--- Information ---

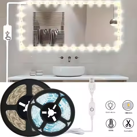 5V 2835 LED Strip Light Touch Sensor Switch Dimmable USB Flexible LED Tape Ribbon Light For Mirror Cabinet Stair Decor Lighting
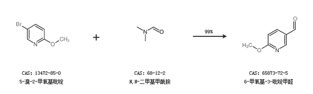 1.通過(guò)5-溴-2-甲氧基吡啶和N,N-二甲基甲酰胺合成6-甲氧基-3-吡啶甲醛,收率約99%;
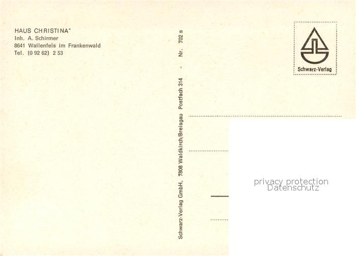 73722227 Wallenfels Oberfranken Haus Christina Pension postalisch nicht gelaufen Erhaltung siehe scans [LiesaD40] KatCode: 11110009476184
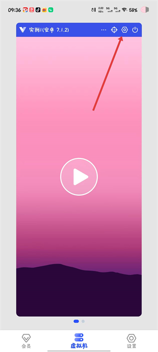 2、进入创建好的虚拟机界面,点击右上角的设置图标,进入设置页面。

---
--- Information ---

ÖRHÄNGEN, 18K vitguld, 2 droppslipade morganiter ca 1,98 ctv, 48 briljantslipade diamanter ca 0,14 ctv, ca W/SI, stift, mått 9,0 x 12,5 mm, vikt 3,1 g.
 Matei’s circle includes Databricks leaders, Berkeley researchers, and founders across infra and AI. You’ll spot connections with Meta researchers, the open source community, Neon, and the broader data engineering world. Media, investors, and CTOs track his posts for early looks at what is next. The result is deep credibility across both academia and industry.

---

| Exercise requirements |
Starting at the line above that contains "1.通過(guò)5-溴-2", transcribe every line exactly through the line that contains "2、进入创建好的虚拟机界面,点击右上角的设置图标,进入设置页面。", including that last one, and skip the pictures.

| Answer area |
 1.通過(guò)5-溴-2-甲氧基吡啶和N,N-二甲基甲酰胺合成6-甲氧基-3-吡啶甲醛,收率約99%;
 73722227 Wallenfels Oberfranken Haus Christina Pension postalisch nicht gelaufen Erhaltung siehe scans [LiesaD40] KatCode: 11110009476184
 2、进入创建好的虚拟机界面,点击右上角的设置图标,进入设置页面。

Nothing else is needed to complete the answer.